Given :math:`(X,\mu)` a cell with :math:`n` points and :math:`(Y,\nu)` a cell with :math:`m` points, an :math:`n\times m` matrix :math:`T` with non-negative real entries is a *strict coupling* between :math:`X` and :math:`Y` if :math:`\sum_j T_{ij} = X_i` and :math:`\sum_i T_{ij} = Y_j` for all :math:`i,j`.

For a strict coupling :math:`T`, define

.. math::

   \mathcal{G}(T) = \sum_{ijk\ell}(d^X(x_i,x_j)-d^Y(y_k,y_\ell))^2T_{ik}T_{j\ell}

and

.. math::

   d_{GW}((X,\mu),(Y,\nu)) = \min_T \frac{1}{2} \sqrt{\mathcal{G}(T)}

as :math:`T` ranges over strict couplings.

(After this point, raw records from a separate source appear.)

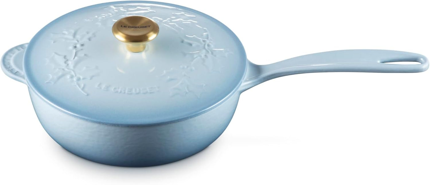 {"id":8777684025572,"title":"Le Creuset 2 1\/4 Qt. Enameled Cast Iron Saucier w\/Holly Embossed Lid \u0026 Gold Knob - Coastal Blue","handle":"le-creuset-2-1-4-qt-enameled-cast-iron-saucier-w-holly-embossed-lid-and-gold-knob-coastal-blue-21993-021-420-05-1","description":"\u003cp\u003eThe Holly Collection Traditional Saucier features an elegantly scrolled and embossed holly leaf design that will spread good cheer and joyful style year after year. A chef’s favorite, the Saucier has a smooth contoured interior that is optimal for making merry sauces, side dishes and sautéing vegetables. Sloping sides and a rounded bottom facilitate stirring and whisking, while the broad surface area allows liquids to evaporate quickly. Crafted from our legendary enameled cast iron, it has exceptional heat distribution and retention qualities to lock in flavor and moisture and keep dishes warm from stove to oven to table. The festive, colorful enameled surface minimizes sticking and staining, requires no pre-seasoning, and is easy-to-clean.\u003c\/p\u003e\u003ch5\u003eFeatures\u003c\/h5\u003e\u003cul\u003e\n\u003cli\u003eEnameled cast iron delivers superior heat distribution and retention\u003c\/li\u003e\n\u003cli\u003eReady to use, requires no seasoning\u003c\/li\u003e\n\u003cli\u003eEasy-to-clean and durable enamel resists dulling, staining, chipping and cracking\u003c\/li\u003e\n\u003cli\u003eLight colored smooth interior enamel allows easy monitoring of cooking progress\u003c\/li\u003e\n\u003cli\u003eTight-fitting lids are specially designed to circulate steam and return moisture back to the food\u003c\/li\u003e\n\u003cli\u003eErgonomic knobs and handles are designed for easy lifting\u003c\/li\u003e\n\u003cli\u003eLightest weight cast iron by quart on the market\u003c\/li\u003e\n\u003cli\u003eCompatible with all cooktops and oven-safe up to 500°F\u003c\/li\u003e\n\u003cli\u003eHand wash with warm, soapy water\u003c\/li\u003e\n\u003c\/ul\u003e\u003ch5\u003eSpecifications\u003c\/h5\u003e\u003cul\u003e\n\u003cli\u003eMaterial: Enameled Cast Iron\u003c\/li\u003e\n\u003cli\u003eHeat Source: Ceramic, Electric, Gas, Halogen, Induction, Oven\u003c\/li\u003e\n\u003cli\u003ePiece Count: 2\u003c\/li\u003e\n\u003cli\u003eCleaning: Hand Wash\u003c\/li\u003e\n\u003cli\u003eCountry Of Origin: France\u003c\/li\u003e\n\u003cli\u003eWarranty: Limited Lifetime Warranty\u003c\/li\u003e\n\u003c\/ul\u003e - 21993-021-420-05-1 - 1 - W71","published_at":"2025-10-23T15:45:55-04:00","created_at":"2025-10-23T15:45:55-04:00","vendor":"Le Creuset","type":"Sauciers","tags":["Brand_Le Creuset","Category_Saucepans \u0026 Sauciers","Color_Coastal Blue","Country_","Customization_","ItemType_Sauciers","Sale_"],"price":30995,"price_min":30995,"price_max":30995,"available":true,"price_varies":false,"compare_at_price":37200,"compare_at_price_min":37200,"compare_at_price_max":37200,"compare_at_price_varies":false,"variants":[{"id":46893203816676,"title":"Default Title","option1":"Default Title","option2":null,"option3":null,"sku":"21993-021-420-05-1","requires_shipping":true,"taxable":true,"featured_image":null,"available":true,"name":"Le Creuset 2 1\/4 Qt. Enameled Cast Iron Saucier w\/Holly Embossed Lid \u0026 Gold Knob - Coastal Blue","public_title":null,"options":["Default Title"],"price":30995,"weight":4082,"compare_at_price":37200,"inventory_quantity":1,"inventory_management":"shopify","inventory_policy":"deny","barcode":"024147345091","requires_selling_plan":false,"selling_plan_allocations":[]}],"images":["\/\/www.chefsarsenal.com\/cdn\/shop\/files\/51Xq0VS_zQL._AC_SL1500.jpg?v=1761575534","\/\/www.chefsarsenal.com\/cdn\/shop\/files\/51CpdQtJdXL._AC_SL1500.jpg?v=1761575534","\/\/www.chefsarsenal.com\/cdn\/shop\/files\/51m0HebfcFL._AC_SL1500.jpg?v=1761575534","\/\/www.chefsarsenal.com\/cdn\/shop\/files\/51iGQIyFQJL._AC_SL1500.jpg?v=1761575534","\/\/www.chefsarsenal.com\/cdn\/shop\/files\/81fHTU55PaL._AC_SL1500.jpg?v=1761575534"],"featured_image":"\/\/www.chefsarsenal.com\/cdn\/shop\/files\/51Xq0VS_zQL._AC_SL1500.jpg?v=1761575534","options":["Title"],"media":[{"alt":null,"id":67048040268004,"position":1,"preview_image":{"aspect_ratio":2.322,"height":646,"width":1500,"src":"\/\/www.chefsarsenal.com\/cdn\/shop\/files\/51Xq0VS_zQL._AC_SL1500.jpg?v=1761575534"},"aspect_ratio":2.322,"height":646,"media_type":"image","src":"\/\/www.chefsarsenal.com\/cdn\/shop\/files\/51Xq0VS_zQL._AC_SL1500.jpg?v=1761575534","width":1500},{"alt":null,"id":67048040300772,"position":2,"preview_image":{"aspect_ratio":1.801,"height":833,"width":1500,"src":"\/\/www.chefsarsenal.com\/cdn\/shop\/files\/51CpdQtJdXL._AC_SL1500.jpg?v=1761575534"},"aspect_ratio":1.801,"height":833,"media_type":"image","src":"\/\/www.chefsarsenal.com\/cdn\/shop\/files\/51CpdQtJdXL._AC_SL1500.jpg?v=1761575534","width":1500},{"alt":null,"id":67048040333540,"position":3,"preview_image":{"aspect_ratio":1.854,"height":809,"width":1500,"src":"\/\/www.chefsarsenal.com\/cdn\/shop\/files\/51m0HebfcFL._AC_SL1500.jpg?v=1761575534"},"aspect_ratio":1.854,"height":809,"media_type":"image","src":"\/\/www.chefsarsenal.com\/cdn\/shop\/files\/51m0HebfcFL._AC_SL1500.jpg?v=1761575534","width":1500},{"alt":null,"id":67048040366308,"position":4,"preview_image":{"aspect_ratio":3.341,"height":449,"width":1500,"src":"\/\/www.chefsarsenal.com\/cdn\/shop\/files\/51iGQIyFQJL._AC_SL1500.jpg?v=1761575534"},"aspect_ratio":3.341,"height":449,"media_type":"image","src":"\/\/www.chefsarsenal.com\/cdn\/shop\/files\/51iGQIyFQJL._AC_SL1500.jpg?v=1761575534","width":1500},{"alt":null,"id":67048040399076,"position":5,"preview_image":{"aspect_ratio":1.5,"height":1000,"width":1500,"src":"\/\/www.chefsarsenal.com\/cdn\/shop\/files\/81fHTU55PaL._AC_SL1500.jpg?v=1761575534"},"aspect_ratio":1.5,"height":1000,"media_type":"image","src":"\/\/www.chefsarsenal.com\/cdn\/shop\/files\/81fHTU55PaL._AC_SL1500.jpg?v=1761575534","width":1500}],"requires_selling_plan":false,"selling_plan_groups":[],"content":"\u003cp\u003eThe Holly Collect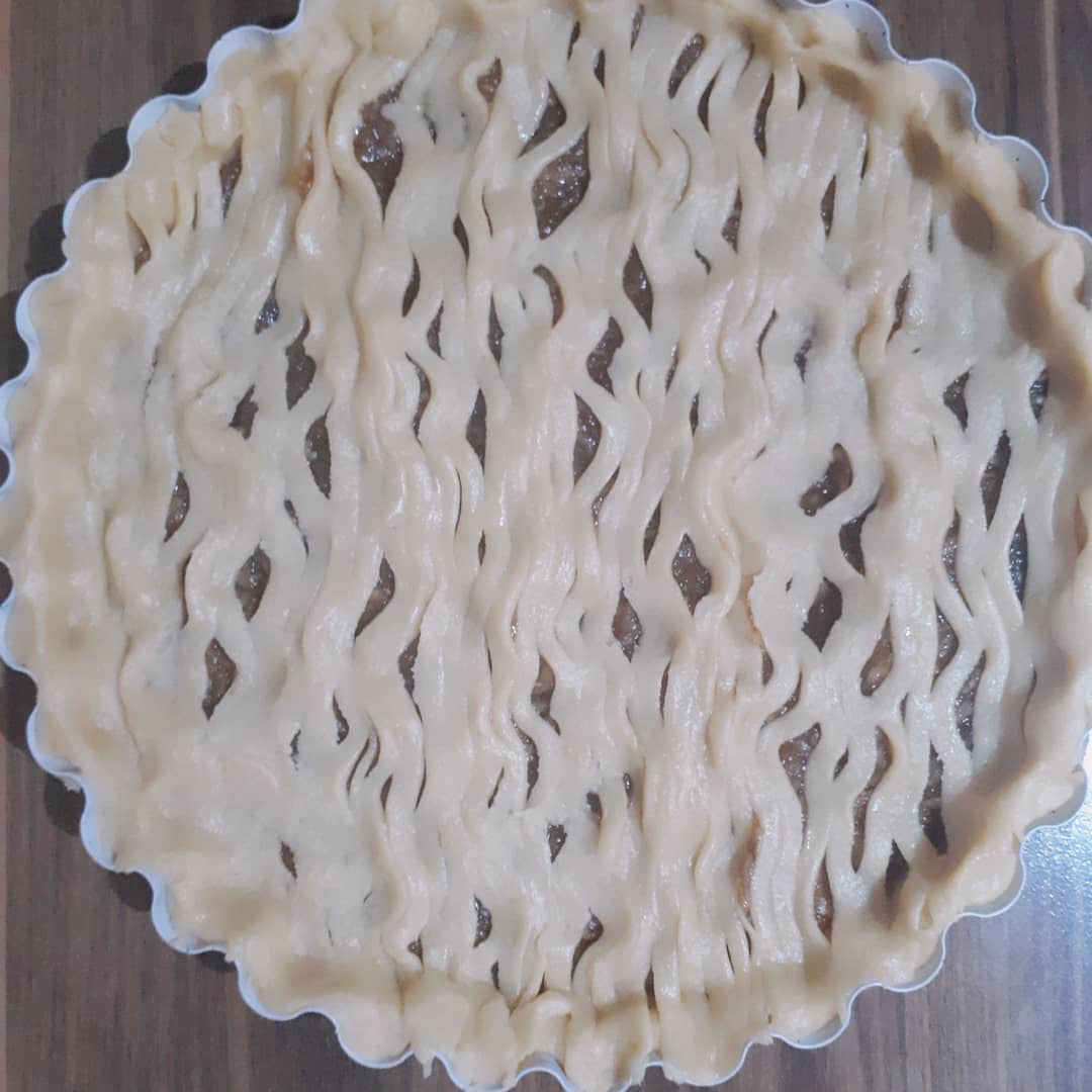 - Ayırdığımız hamur ile tartımızın üzerini örteceğiz.Ben hamur şekillendirici kullandım o şekli elde etmek için.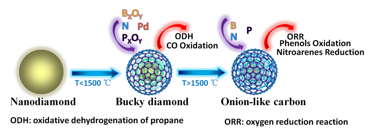 在传统工业催化领域中,金属基催化材料占据着主导的地位,但是其不可再生性以及对环境的污染性是金属材料潜在的弱点。如何开发出具有可替代性的绿色能源催化剂是近些年来研究的热点与重点。纳米金刚石是一类sp3杂化的非金属碳材料,通过简单控制煅烧温度(900~1500 ),可得到的巴基型纳米金刚石(sp2/sp3 杂化)和洋葱碳(sp2)两种延伸性碳材料。纳米金刚石表面含有一定量的sp2 杂化碳,这一独特的sp2/sp3结构使得纳米金刚石及其衍生物有着比传统碳材料更独特的物理化学性质。
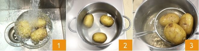 To make the baked gnocchi skewers, start by preparing the white gnocchi (for more details, see the Potato gnocchi recipe). Wash the potatoes 2 and, without peeling them, place them in a pot with salted water and let them boil for about 25-30 minutes 2 until they become soft, then drain them 3.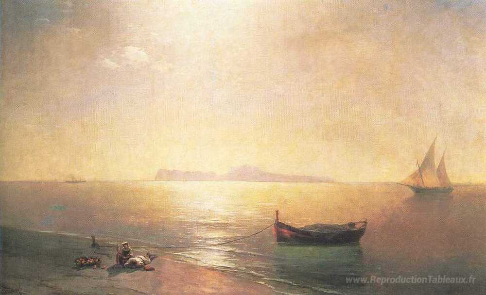 Nous vous proposons une reproduction artisanale sur toile du célèbre tableau 'Calme sur la mer Méditerranée' de Ivan Aivazovsky, provenant du Musée de la Reproduction.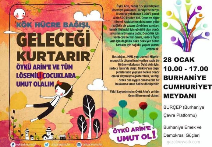 Nadir görülen Juvenil Miyelomonositik Lösemi (JMML) tanısı koyulan ve ilik nakli olmayı bekleyen İzmirli 3,5 yaşındaki Öykü Arin Yazıcı’nın tedavisi sürüyor. Minik Öykü için Almanya’da yaşayan Türkler de başta olmak üzere tüm Türkiye birleşti. Burhaniye'den de Öykü’ye destek geldi. Öykü Arin’e destek için 28 Ocak Pazartesi Günü 10.00 – 17.00 saatleri arasında Burhaniye Cumhuriyet Meydanı'nda kök hücre bağışı...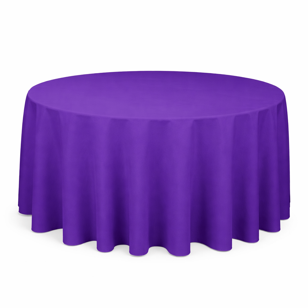 Our purple 108″ round banqueting tablecloth is a bold and elegant choice for weddings, themed events, corporate functions and gala dinners. The rich purple tone adds depth and impact to any event setting, making it ideal for both contemporary and traditional styling.
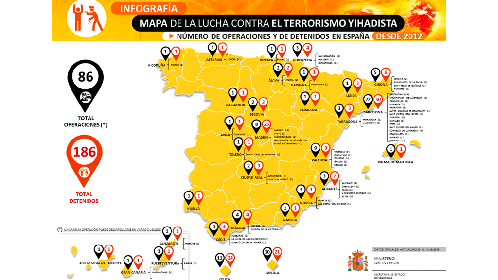 A partir de 2012, Cataluña ha sido la comunidad autónoma con más detenidos vinculados al yihadismo: un total de 77, si bien solo en la ciudad autónoma de Ceuta se han producido 55 detenciones

We call :math:`\mathcal{G}(T)` the Gromov-Wasserstein *cost* of the coupling :math:`T`; the Gromov-Wasserstein *distance* is

.. math::

   d_{GW}((X,\mu),(Y,\nu))=\min_T  \frac{1}{2} \sqrt{\mathcal{G}(T)}

as :math:`T` ranges over strict couplings between :math:`(X,\mu)` and :math:`(Y,\nu)`. (The square root is necessary here in order for :math:`d_{GW}` to satisfy the triangle inequality. The functions in the `CAJAL.run_gw` module report Gromov-Wasserstein *distances* rather than Gromov-Wasserstein *costs* which is inconsistent with some other libraries, such as the Python Optimal Transport library.)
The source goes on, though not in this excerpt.